Abelian co-decomposition, which we briefly summarize in this section, has been developed as a tool for calculating $\AC_\u(n)$ of recurrent words~\cite{Tu13}. The main idea is roughly the following: the method uses the normal $U$-representation $\langle n \rangle_U$ to associate any $n\in\N$ with a certain set $\Z_\u(n)$ of pairs of factors. At the same time the structure of the set $\Z_\u(n)$ is designed in a way that allows to find quickly the set of relative Parikh vectors $\Prel_\u(n)$, and, consequently, to obtain the value $\AC_\u(n)$ by formula~\eqref{ACrel}.

Let $v,w$ be any factors of $\u$ such that $\Psi(v)=\Psi(w)$ (in particular, $|v|=|w|$). We factorize them as follows:
\begin{equation}\label{rozklad}
\begin{array}{ccc}
v&=&z_0\:z_1\:z_2\:\cdots\:z_h \\
w&=&\tilde{z}_0\:\tilde{z}_1\:\tilde{z}_2\:\cdots\:\tilde{z}_h
\end{array}
\end{equation}
where $z_0,z_1,\ldots,z_h$ and $\tilde{z}_0,\tilde{z}_1,\ldots,\tilde{z}_h$ are non-empty words satisfying $\Psi(\tilde{z}_j)=\Psi(z_j)$ for all $j\in\{0,1,\ldots,h\}$. The set of pairs
\begin{equation}\label{codec}
\left\{\begin{pmatrix}z_0\\ \tilde{z}_0\end{pmatrix},\begin{pmatrix}z_1\\ \tilde{z}_1\end{pmatrix},\begin{pmatrix}z_2\\ \tilde{z}_2\end{pmatrix},\cdots,\begin{pmatrix}z_h\\ \tilde{z}_h\end{pmatrix}\right\}
\end{equation}
is called the \emph{abelian co-decomposition} of the pair $\bigl(\begin{smallmatrix}v\\ w\end{smallmatrix}\bigr)$.
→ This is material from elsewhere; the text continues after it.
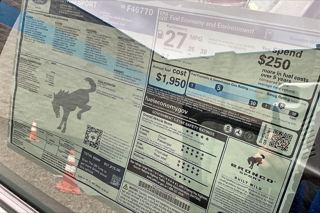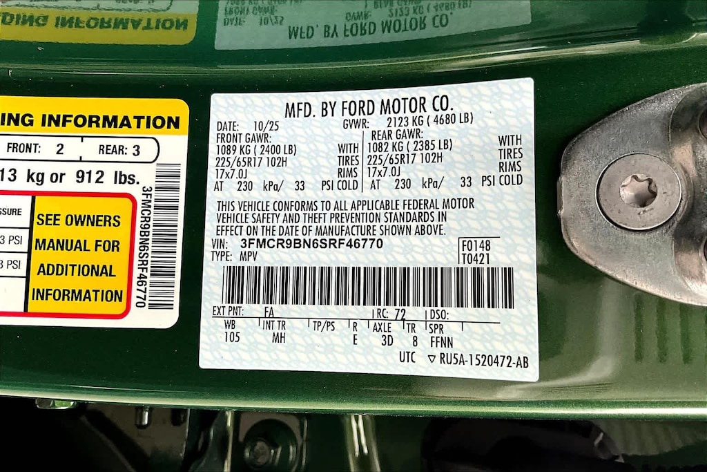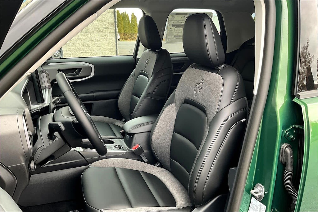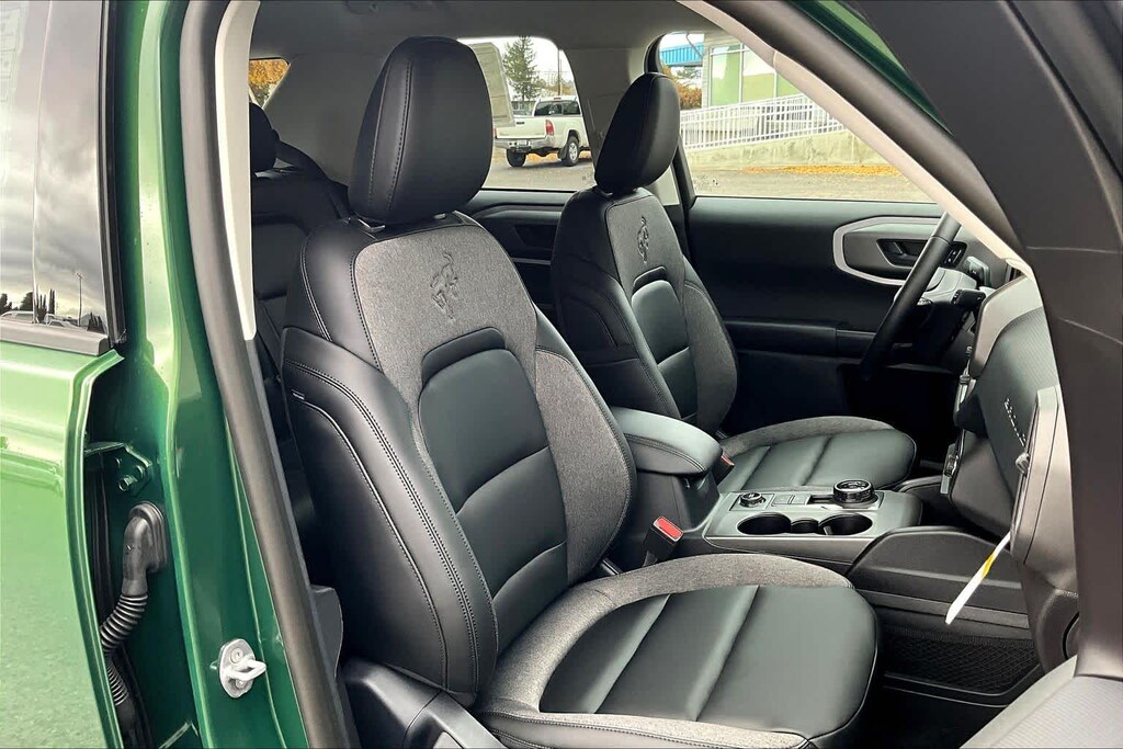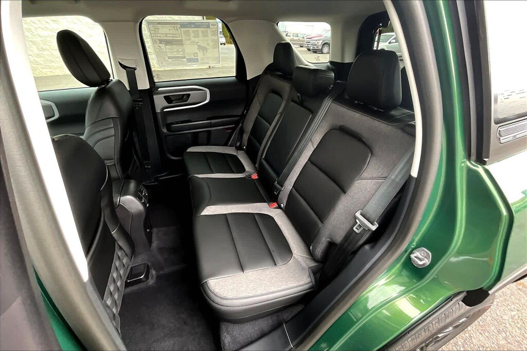 CONVENIENCE PACKAGE Heated 8-Way Power Drivers Seat, (Fore/aft, up/down, recline, lumbar), Front Driver/Passenger Seat Back Map Pockets, Universal Garage Door Opener (UGDO), Premium Wrapped Steering Wheel, LED Fog Lamps, BLACK APPEARANCE PACKAGE textured matte black hood graphic and unique badges w/black accents, Painted Shadow Black Roof, Cargo Mat, Wheels: 17 Matte Black-Painted Aluminum, Front & Rear Floor Liners w/o Carpet Mats, Liftgate w/Black BRONCO SPORT Lettering, modified smoke chrome Ford oval, Carbon Black Grille w/Black BRONCO Lettering, CARGO MANAGEMENT SYSTEM (SHELF/DIVIDER/TABLE). Ford Big Bend with Eruption Green exterior and Ebony interior features a 3 Cylinder Engine with 181 HP at 6000 RPM*.

An abelian co-decomposition~\eqref{codec} exists for any $v,w$ such that $\Psi(v)=\Psi(w)$, because one can take, e.g., $\left\{\bigl(\begin{smallmatrix}v\\ w\end{smallmatrix}\bigr)\right\}$. The decomposition~\eqref{rozklad} is in general not unique (see Example~\ref{Ex.Codec} below), but it can be made unique by an additional requirement. Here we will adopt, throughout the whole paper, the following convention: \emph{The number $h$ in equation~\eqref{rozklad} is chosen to be maximal.} The abelian co-decomposition satisfying this requirement will be denoted $\Codec\bigl(\begin{smallmatrix}v\\ w\end{smallmatrix}\bigr)$.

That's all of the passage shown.